Introduction
Out of Frame is a first-person horror game. The player controls a student trapped in a nightmare of their school. To escape, the player must use a camera to photograph scenes and evidence of past bullying, uncovering the truth and pushing the story forward.
Taking photos can change the state of the environment. The game also features an AI ghost called Bully, a constant threat that can only be seen when the camera is turned on.
My Roles:
I worked across Technical Design, Narrative Design, and UX Design, with a focus on making the camera mechanic feel like the core of the experience.
Technical Design: Built the player foundation (3C), camera interaction logic, and tension feedback (camera shake) to support horror pacing.
Narrative Design: Structured the story as “photographable evidence,” turning memories into gameplay beats that unlock progression.
UX Design: Designed the camera UI and interaction clarity, inspired by Outlast 2 but with more detailed battery segmentation and UI animations.
Technical Design
(Player 3C, Core Architecture)
The technical foundation of Out of Frame centers on one design intention: making the player feel grounded, vulnerable, and physically present at all times.
I built the full player control system — movement, camera handling, and interaction — alongside the GameMode and GameState that drive progression and rules. The controls are deliberately constrained. When the camera is on, the player can't sprint, which creates a constant trade-off between visibility and mobility. That tension is the core of the game feel: you're never fully in control, and that's what makes you scared.
I also designed and implemented the camera interaction loop for anomalous objects. When an object is active, it floats, slowly rotates, and glows — like a powered-on screen — drawing the player's attention even in dark spaces. Once photographed, the object resolves: visual effects shut off, and it drops to the ground. That "snap back to reality" moment is simple, but it gives every successful photograph a satisfying sense of weight and consequence.


Level & Encounter Design
(Game Pacing & Tutorial)
My approach to level design in Out of Frame follows one rule: teach one thing at a time, and let the space do the teaching.
Rather than using text prompts or UI tutorials, I structured each learning beat so the player has to perform the action to move forward. For example, to teach players how to react to the ghost, I placed them in a dead-end — so they naturally turn around and are forced to face what's behind them. The space creates the encounter; the encounter teaches the mechanic.
To confirm that the core loop is fully internalized before the story escalates, I built a final infinite-loop skill gate — a space where the player repeats the essential actions until they're clearly comfortable. Only once those mechanics are locked in does the game open up and let the narrative take over. It's a structure I'm particularly happy with: it respects the player's learning curve without ever feeling like a formal tutorial.
Narrative Design
(Character Dialogue & Story Progression)
On the narrative side, I wrote a series of short, progress-based character dialogue lines displayed through a subtitle system, designed to reflect what the character is feeling in the moment and gently push the story forward — without ever breaking immersion or pulling the player out of the experience.

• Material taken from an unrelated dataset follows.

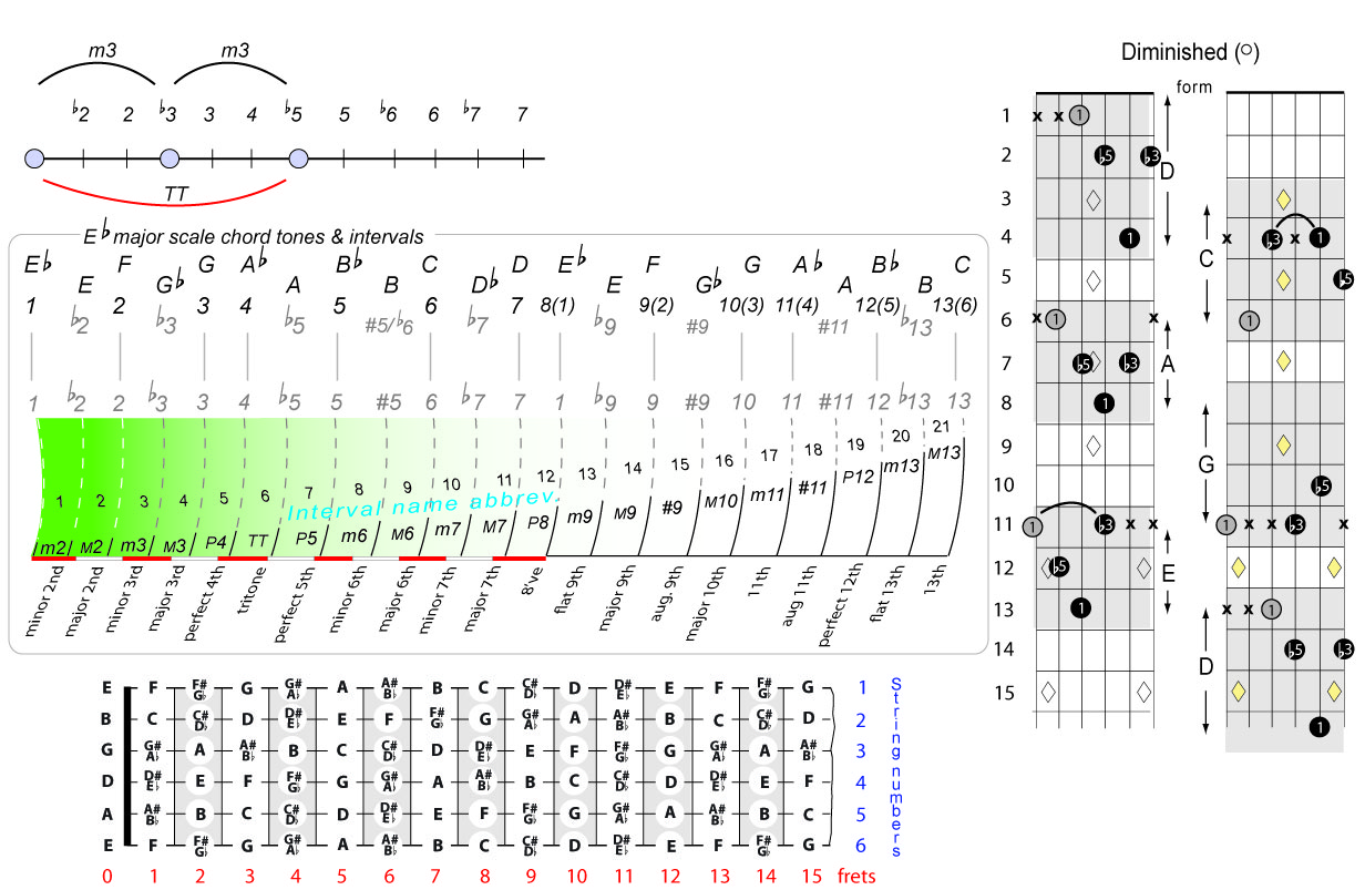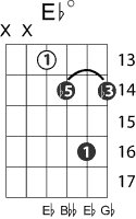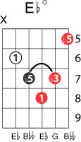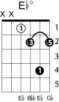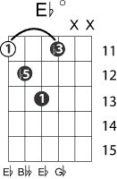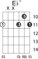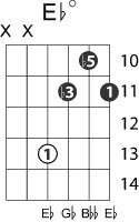| Symbol: E♭° Alt. symbol: E♭dim Name: E flat diminished | ![]() | D-1 | C-6 | A-6 | G-11 |

The writing follows the same principle as the level design: one beat at a time. Each line of dialogue is tied to a specific moment or trigger, so the character's emotional state always feels reactive and present rather than scripted. The goal was to make the subtitle box feel like a window into the character's fear, not an instruction panel.


UX Design
(UI, Camera Feel & Post-Processing)
For UX, my focus was on making every interface element feel like it belongs on the camera device — taking inspiration from Outlast 2, but pushing further with additional components and animations to improve moment-to-moment clarity.
I designed a set of camera-embedded indicators: a proximity icon that shows how close the player is to an anomaly, a detection icon that signals whether the monster has noticed you, and a remaining lives display. Each element is designed to deliver critical information without breaking the fiction of holding a real camera.
On the feedback side, I built a bodycam-style post-process with lens distortion, noise, grain, and other physical imperfections to reinforce the feeling of a real handheld device. I also implemented camera tilt and head-bob during movement, so the camera feels physically carried rather than perfectly stabilized — making the experience simultaneously more grounded and more unsettling.